Multiple Record Writes

Credits to my coworker, Daniel, for suggesting the design.

To efficiently filter by a Pokémon, the DynamoDB data producer can write each individual Pokémon per team as the sort key as its own record under the same primary key. The sort key can be a flexible field for serving either the Pokémon on the team or other metadata (eg. DynamoDB item type).

| primary_key | sort_key (gsi) |
| ----------- | -------------- |
| 1000        | team           |
| 1000        | amoonguss      |
| 1000        | arcanine       |
| 1000        | flutter mane   |
| 1000        | great tusk     |
| 1000        | iron bundle    |
| 1000        | ting-lu        |

Putting a GSI on the sort key lets DynamoDB do the heavy lifting for you. The sort key can be a composite key with the snapshot date (eg. amoonguss#2023-04-14) to make queries easier.
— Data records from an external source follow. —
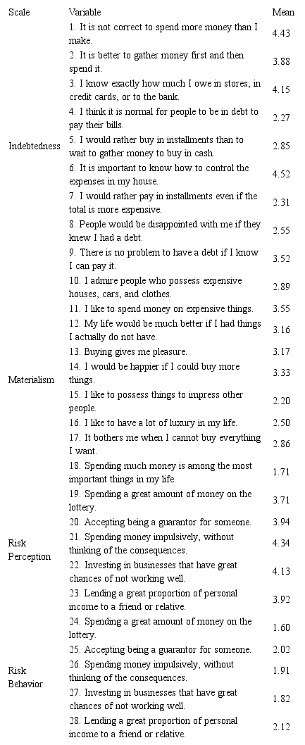 In the questions related to the propensity to indebtedness, materialism, risk perception and risk behavior of the respondents (Table 3), the means of the answers are considered. It should be emphasized that the issues presented in Table 3 already configure the factors forming factors, a step that will be discussed soon.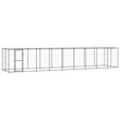 Ce chenil polyvalent pour chiens a de multiples utilisations : jeu, exercice, dressage ou tout simplement protection de votre chien. Ce sera le paradis de jeu parfait pour votre compagnon à quatre pattes ! Ce chenil pour chien offre un grand espace d'exercice. La maille tout autour aide à prévenir les méfaits et les accidents inattendus tout en permettant la ventilation. Grâce à la construction robuste en acier enduit de poudre, ce chenil pour chien est durable et conçu pour durer. Fabriqué en PE, l'auvent supérieur inclus est résistant à l'eau et aux UV, offrant une protection contre le soleil, la pluie, la neige, ainsi que d'autres conditions météorologiques. La porte à charnières avec un système de loquet verrouillable assure une sécurité supplémentaire à vos chiens. Couleur : noir et argentéMatériau : PE, acier enduit de poudreDimensions totales : 990 x 220 x 180 cm (L x l x H)Dimensions de la porte : 55,5 x 160 cm (l x H)Avec un toit et une porteSystème de verrouillage à loquetParois latérales en mailleL'assemblage est requisCouleur : noir et argentéMatériau : PE, acier enduit de poudreDimensions totales : 990 x 220 x 180 cm (L x l x H)Dimensions de la porte : 55,5 x 160 cm (l x H)Avec un toit et une porteSystème de verrouillage à loquetParois latérales en mailleL'assemblage est requis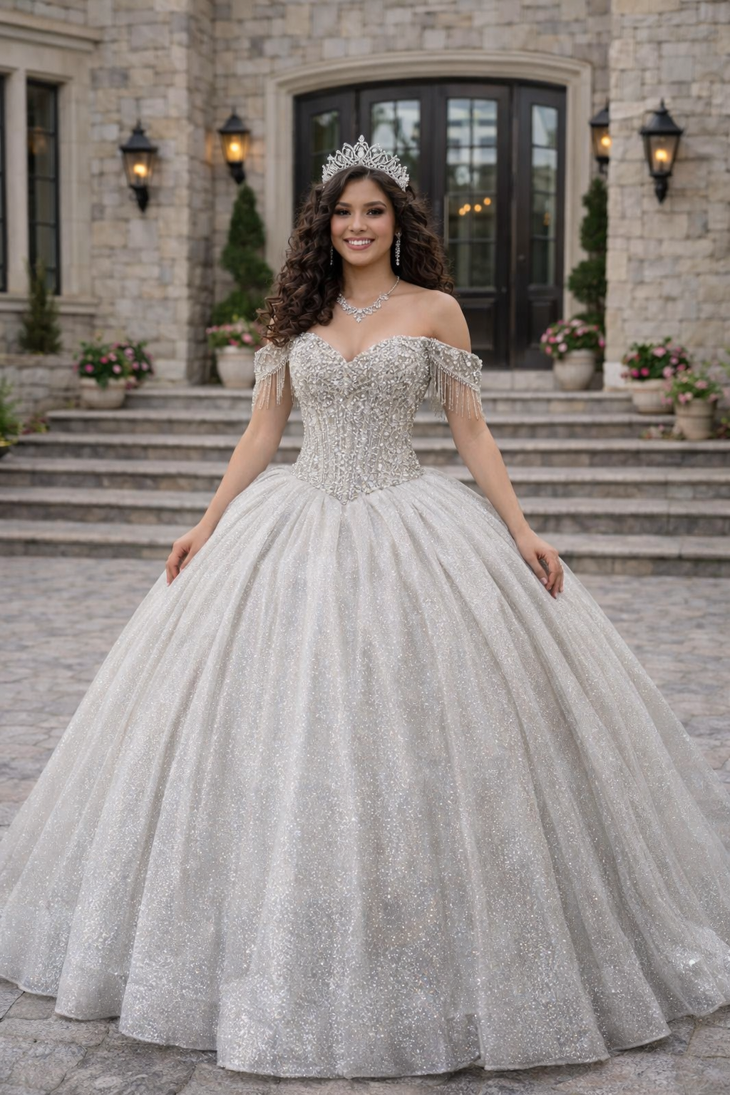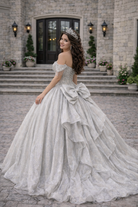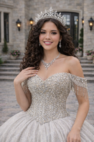 Elegant and luminous, this champagne quinceañera gown embodies refined royal glamour. The off-shoulder sweetheart corset bodice is intricately adorned with delicate beadwork and shimmering embellishments, sculpting the waist with couture structure. The full glitter tulle ball gown skirt flows effortlessly, radiating soft sparkle with every step and creating a timeless princess silhouette.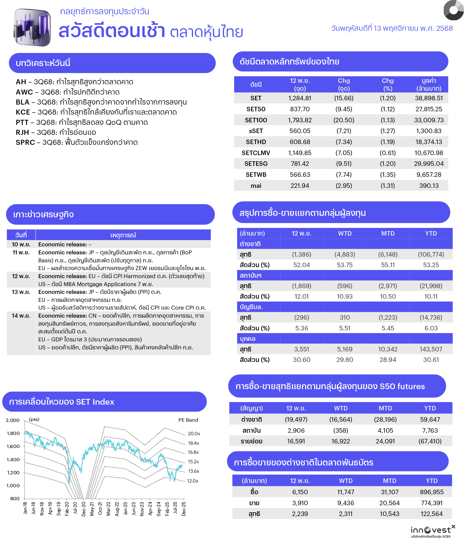 2. ตลาดหุ้นปิดภาคเช้า (13 พ.ย.68) บวก 3.14 จุด ดัชนี 1,287.95 จุด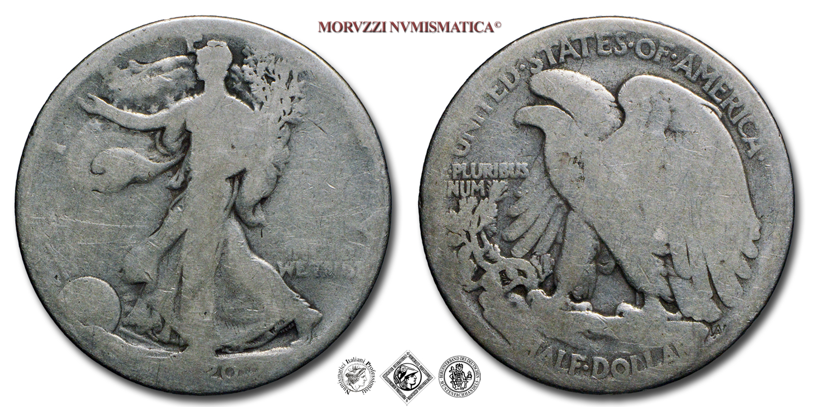 Stati Uniti d'America, USA, DOLLARO 1/2, Walking Liberty, Emissione: 1920, D/ LIBERTY, Libertà andante a sinistra; sotto: data (1920); nel campo, a destra: IN GOD / WE TRUST. Incisore: Adolph Alexander Weinman, R/ UNITED·STATES·oF·AMERICA, Aquila ad ali spiegate; sotto: valore (HALF·DOLLAR) e inziali dell'incisore (AAW per Adolph Alexander Weinman); nel campo, a sinistra: E·PLURIBUS / UNUM, Zecca di Philadelphia, Rif. bibl. KM, 142; Metallo: AR, gr. 11,63, (ME154881), Diam.: mm. 30,34, B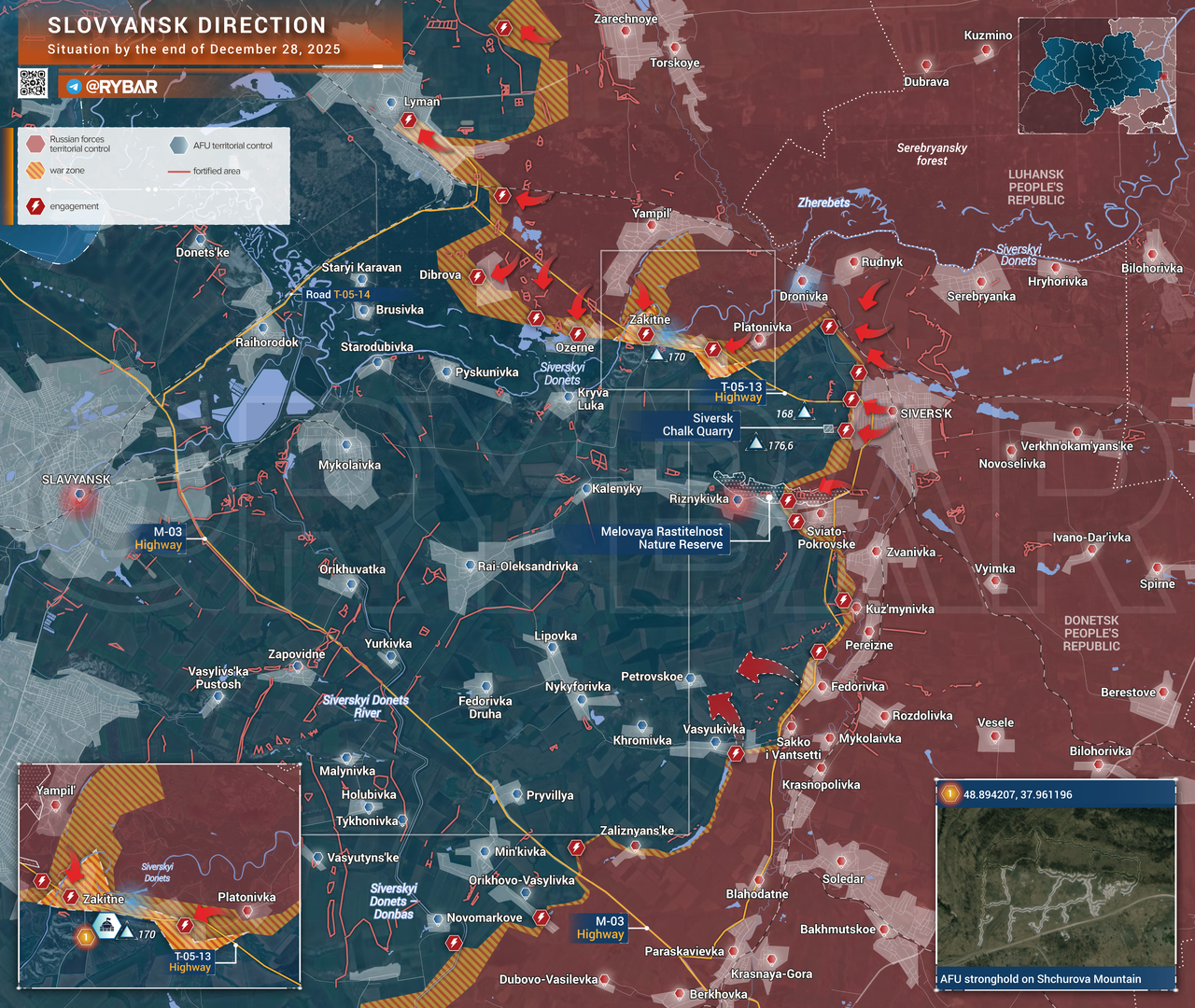 📌 Các cuộc tấn công của Lực lượng vũ trang Nga trong khu vực này chủ yếu nhằm mục đích chiếm giữ một cứ điểm lớn gần Đỉnh 170, còn được gọi là Shchurova Gora. Từ vị trí này, Lực lượng vũ trang Ukraine duy trì giám sát vùng ngoại ô Yampol và các tuyến đường gần Platonovka.
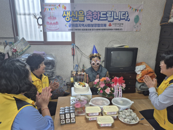 군위읍 지역사회보장협의체가 지난 20일, 저소득 홀몸어르신을 찾아 ‘생신 축하합니다’사업을 진행했다.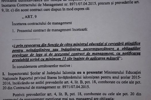 Demiterea din Ialomiţa s-a făcut în baza unei note transmise de MEN, prin care se arată că inspectorul şcolar general al ISJ Ialomiţa a fost revocat din funcţie pentru că nu a prezentat ministerului Raportul privind starea învăţământului ialomiţean, pentru anul 2015-2016.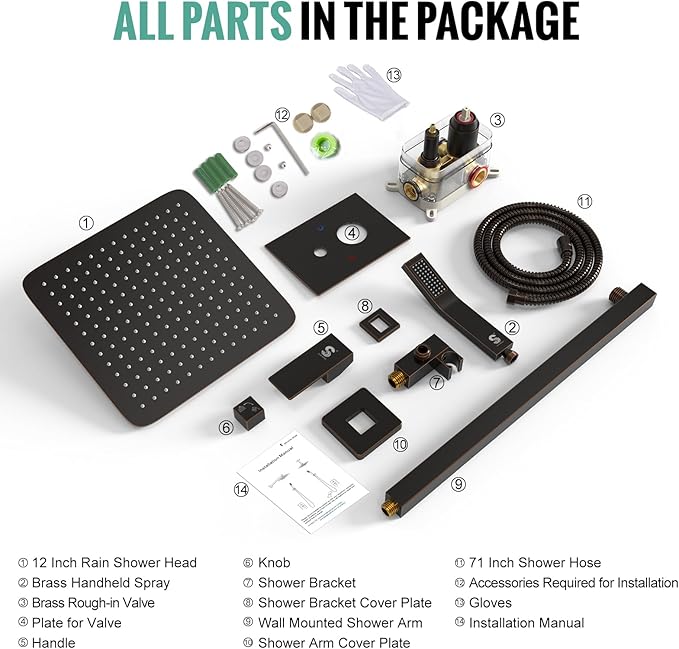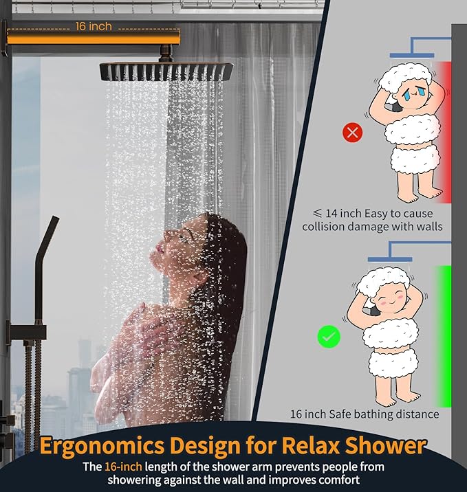 - Complete Shower System Included: This shower faucet set includes everything you need for a luxurious upgrade: a 12-inch rain shower head, a handheld shower head, a 71-inch shower hose, a 16-inch shower arm, a handheld bracket, a mixing valve, a panel, a handle, a mode knob, shower arm and bracket covers, and all necessary installation accessories.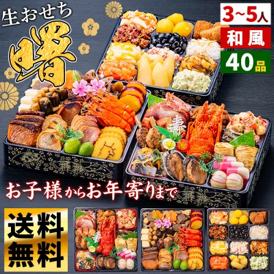 【送料無料】玉清 おせち料理 2026年 和風 3~5人前 40品目 生詰め 三段重 『曙』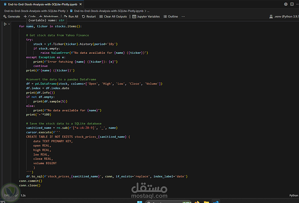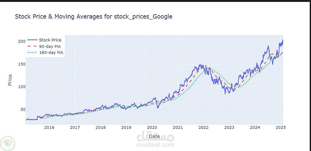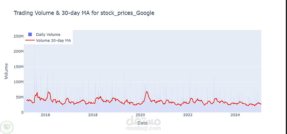 العمل يتضمن جمع وتحليل بيانات الأسهم لشركات مثل جوجل، أمازون، مايكروسوفت، تسلا، وفيسبوك على مدار 10 سنوات باستخدام لغة البرمجة Python. يتم تحميل البيانات من موقع Yahoo Finance وتخزينها في قاعدة بيانات SQLite. بعد ذلك، يتم حساب المتوسطات المتحركة للأسعار وحجم التداول، ثم عرض البيانات في رسوم بيانية تفاعلية باستخدام مكتبة Plotly. الهدف هو تحليل اتجاهات أسعار الأسهم وحجم التداول بمرور الوقت بطريقة مرئية وسهلة الفهم.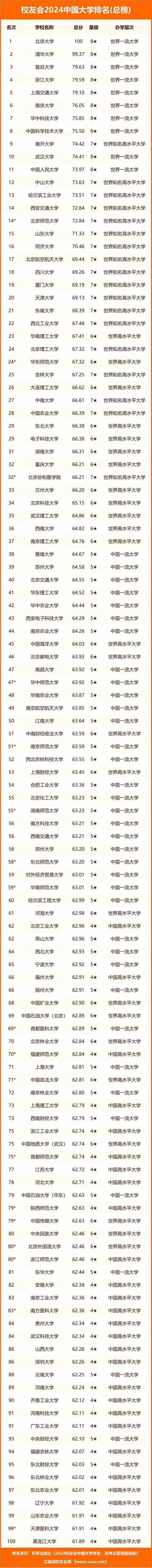 与软科排名不同,校友会排名更注重大学在社会声誉、毕业生影响力等方面的表现。2024年,校友会的排名情况也值得关注。以下是校友会2024年全国大学前100名的具体排名:

Unfortunately, the design falls short when filtering for multiple Pokémon. Every Pokémon the client filters for is an additional query. In addition, every team requires up to 6 additional writes for each Pokémon in the team.¹ The multiple item writes is a clever design for efficient reads when you have a set of items as an alternative to forcing a GSI onto the column.

Client-Side Filtering

Client-side filtering was the accepted choice given the payload size. With each query being relatively small (100 items at most, each item less than 400 bytes), client-side filtering isn’t too costly from a performance standpoint. Even when filtering for multiple Pokémon, the performance has a comparable latency² to filtering for a single Pokémon.³

| team_id(pk) | composite (gsi+sk)   | pkmn_team                      |
| ----------- | -------------------- | ------------------------------ |
| 1000        | vgcformat#2023-04-14 | ["amoonguss", "arcanine", ...] |
| 1001        | vgcformat#2023-04-14 | ["chi-yu", "great tusk", ...]  |
| 1002        | vgcformat#2023-04-15 | ["chien-pao", "dondozo", ...]  |

Building on Change with Github Actions

Previously, Github Actions would build and push Docker images to Elastic Container Registry (ECR) from every service when a pull request was merged. As a result, every merge cluttered the ECR repos with superfluous images, making it difficult to discern images during deployment. Additional costs were also incurring with every commit.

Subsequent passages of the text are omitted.